Show that the four points $A, \; B, \; C, \; D$ whose position vectors are $6 \hat{i} - 7 \hat{j}$, $\;$ $16 \hat{i} - 19 \hat{j} - 4 \hat{k}$, $\;$ $3 \hat{j} - 6 \hat{k}$ and $2 \hat{i} - 5 \hat{j} + 10 \hat{k}$ respectively are coplanar.
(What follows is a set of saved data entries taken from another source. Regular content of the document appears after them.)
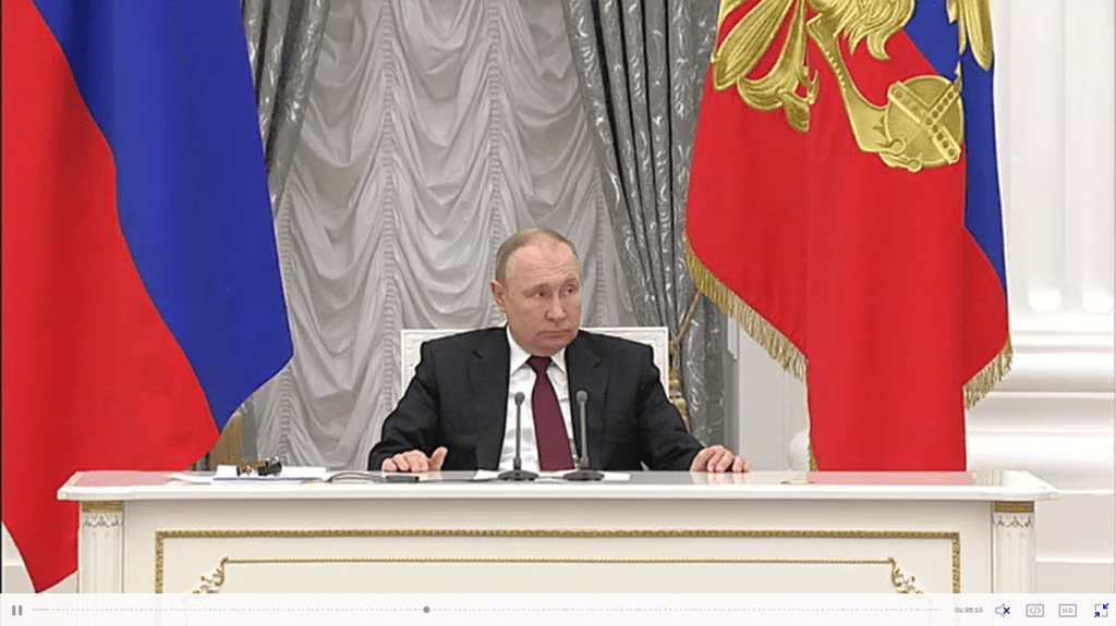Le président russe Vladimir Poutine, à la tête d’une réunion du Conseil de sécurité de la Fédération de Russie le 21 février 2022, au Kremlin, à Moscou.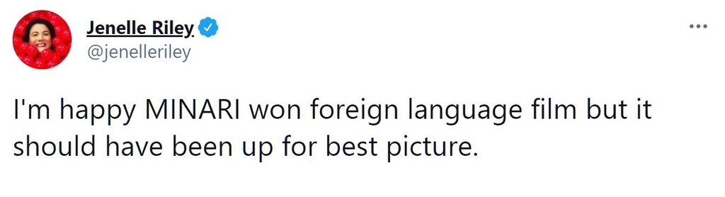 | ▲ 골든글로브가 미나리를 작품상 후보에서 배제한 것을 꼬집은 누리꾼 [트위터 게시물 캡처·재판매 및 DB 금지] |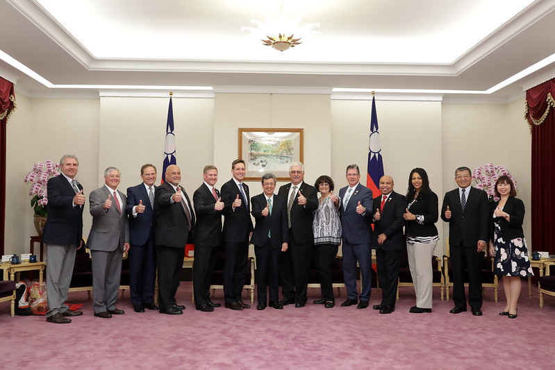 副總統特別感謝訪團成員所代表的4州州議會對臺灣的支持,他提到,臺灣與4州簽署駕照互換協定,4州也分別通過紀念《台灣關係法》40週年的友我決議案,讚揚雙方密切的經貿、文化及教育等方面合作關係,支持臺灣參與國際組織及臺美簽署雙邊貿易協定等。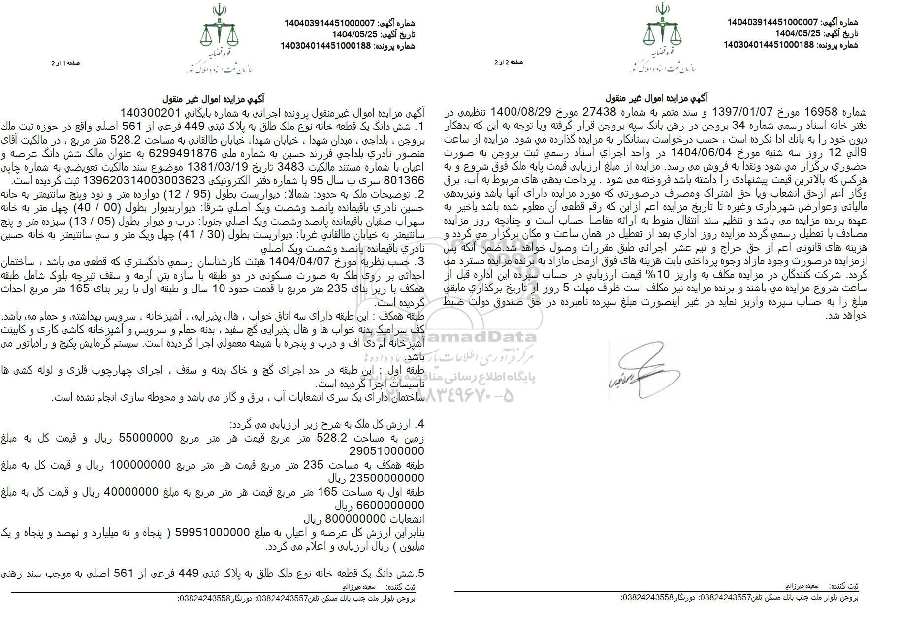 مزایده فروش ششدانگ یک قطعه خانه نوع ملک طلق به پلاک ثبتی 449 فرعی از 561 اصلی واقع در حوزه ثبت ملک بروجن، به مساحت 528.2 متر مربع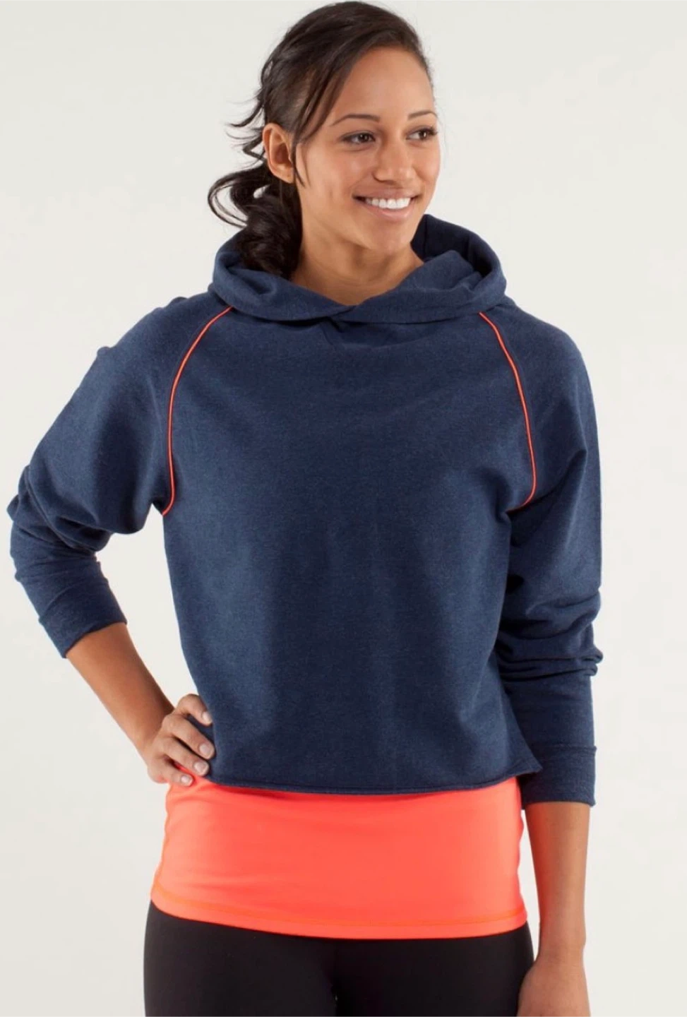 Lululemon Navy Blue Cropped Hoodie with Orange Piping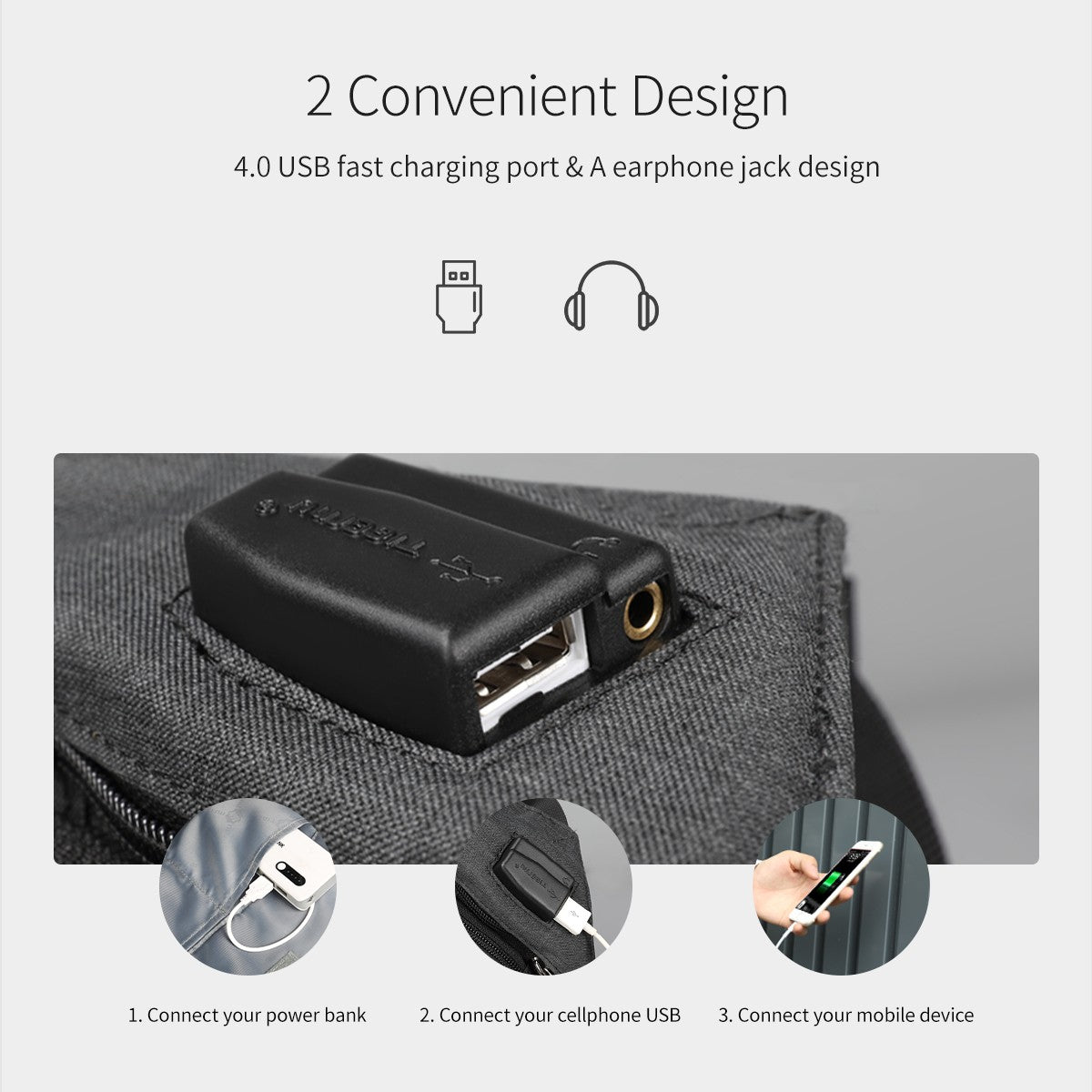 1. 5.0 Earphone jack & External USB charging port design.

Given: $\;$ Position vector (p.v) of point $A = 6 \hat{i} - 7 \hat{j}$
p.v of point $B = 16 \hat{i} - 19 \hat{j} - 4 \hat{k}$
p.v of point $C = 3 \hat{j} - 6 \hat{k}$
p.v of point $D = 2 \hat{i} - 5 \hat{j} + 10 \hat{k}$
Now,
$\begin{aligned}
\overrightarrow{AB} & = \text{p.v of point B} - \text{p.v of point A} \\\\
& = \left(16 \hat{i} - 19 \hat{j} - 4 \hat{k}\right) - \left(6 \hat{i} - 7 \hat{j}\right) \\\\
& = 10 \hat{i} - 12 \hat{j} - 4 \hat{k}
\end{aligned}$
$\begin{aligned}
\overrightarrow{AC} & = \text{p.v of point C} - \text{p.v of point A} \\\\
& = \left(3 \hat{j} - 6 \hat{k}\right) - \left(6 \hat{i} - 7 \hat{j}\right) \\\\
& = -6 \hat{i} + 10 \hat{j} - 6 \hat{k}
\end{aligned}$
$\begin{aligned}
\overrightarrow{AD} & = \text{p.v of point D} - \text{p.v of point A} \\\\
& = \left(2 \hat{i} - 5 \hat{j} + 10 \hat{k}\right) - \left(6 \hat{i} - 7 \hat{j}\right) \\\\
& = -4 \hat{i} + 2 \hat{j} + 10 \hat{k}
\end{aligned}$
Scalar triple product of the vectors $\overrightarrow{AB}$, $\overrightarrow{AC}$ and $\overrightarrow{AD}$ is
$\begin{aligned}
\left[\overrightarrow{AB} \;\; \overrightarrow{AC} \;\; \overrightarrow{AD}\right] & = \begin{vmatrix}
10 & - 12 & -4 \\
- 6 & 10 & -6 \\
-4 & 2 & 10
\end{vmatrix} \\\\
& = 10 \left(100 + 12\right) + 12 \left(- 60 - 24\right) - 4 \left(- 12 + 40\right) \\\\
& = 1120 - 1008 - 112 \\\\
& = 0
\end{aligned}$
$\because \;$ $\left[\overrightarrow{AB} \;\; \overrightarrow{AC} \;\; \overrightarrow{AD}\right] = 0$ $\implies$ Vectors $\overrightarrow{AB}$, $\overrightarrow{AC}$ and $\overrightarrow{AD}$ are coplanar.
$\implies$ Points $A, \; B, \; C$ and $D$ are coplanar.